How to capture it: Log the error type, failure origin, and reason code alongside the capability name and agent identity for every failed request.

What to watch for:

  • Rising validation errors after a schema change (did you break a contract?)
  • upstream_error clusters on a specific virtual server (upstream dependency degrading)
  • missing_token spikes from a single tenant (misconfiguration or probing)
  • Auth failures dominating overall errors (likely a credential rollout problem, not a code problem)

Cost signals: token consumption and per-tool spend

Beyond operational signals, MCP traffic carries cost implications that REST APIs typically don’t. When AI agents call your tools, the responses they receive influence token consumption in the LLM context window. Larger responses mean more tokens, and more tokens mean higher costs for the agent operator.

If you’re providing MCP tools to external consumers — or even internal teams with chargeback models — you need cost visibility at the tool level.

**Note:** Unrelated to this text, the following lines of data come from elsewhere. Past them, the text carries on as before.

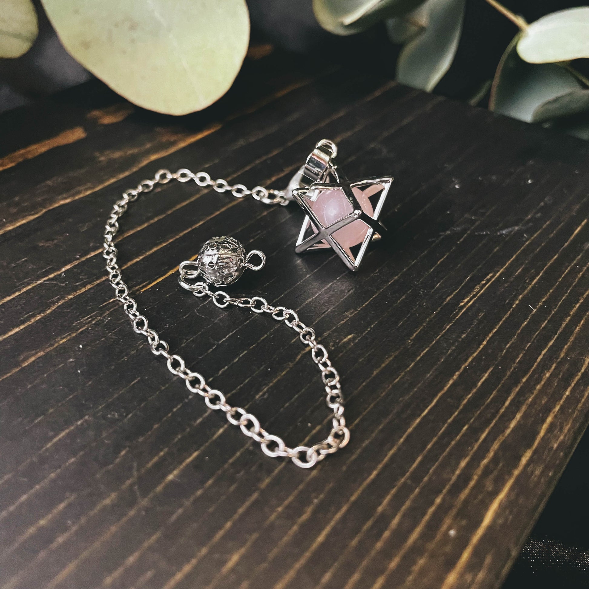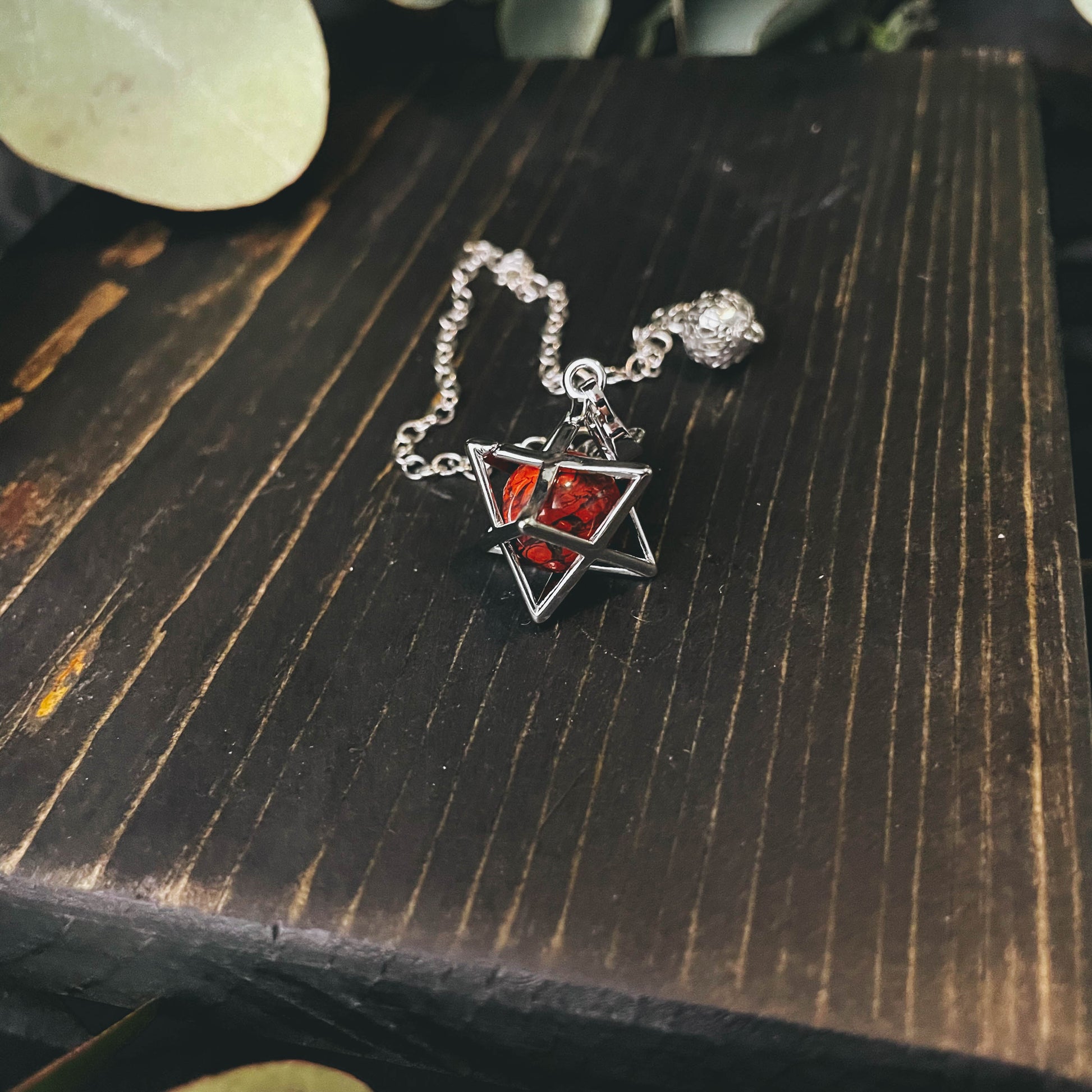 The unique hollow shape of this pendulum would be a great addition to a collection old or new. The pendant is about 2.3 x 2 x 2cm and the chain length is about 18cm
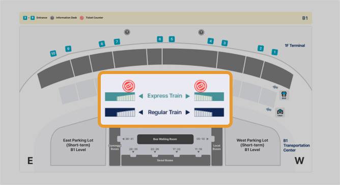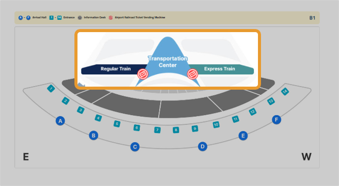 1. Take the Airport Railroad (AREX: Express Train or Regular Train) from Incheon International Airport at B1 floor.
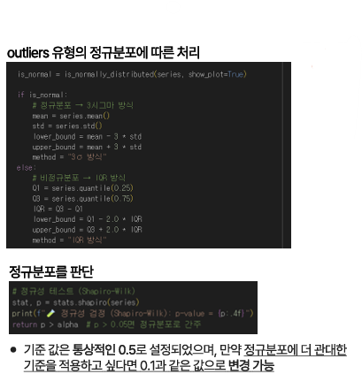 - outliers ์ ํ ๋ด์์๋ ๋ฐ์ดํฐ ๋ถํฌ ๋ฐฉ์์ ๋ฐ๋ผ ๋ค๋ฅด๊ฒ ์ฒ๋ฆฌํจ

Key cost metrics to track:

  • Response size per capability — Measure the content length of each tool’s response. Tools that return large datasets drive disproportionate token costs.
  • Calls per agent per billing period — Essential for usage-based pricing. Track how many capability invocations each consumer makes.
  • Cost-per-tool estimates — If you know the upstream compute cost of each tool (API calls, database queries, external service fees), attach a cost marker to each invocation. Even rough estimates enable meaningful budget conversations.

You don’t need a sophisticated metering system to start. Logging response content length and capability name for every call gives you enough data to build cost attribution dashboards in your existing analytics platform.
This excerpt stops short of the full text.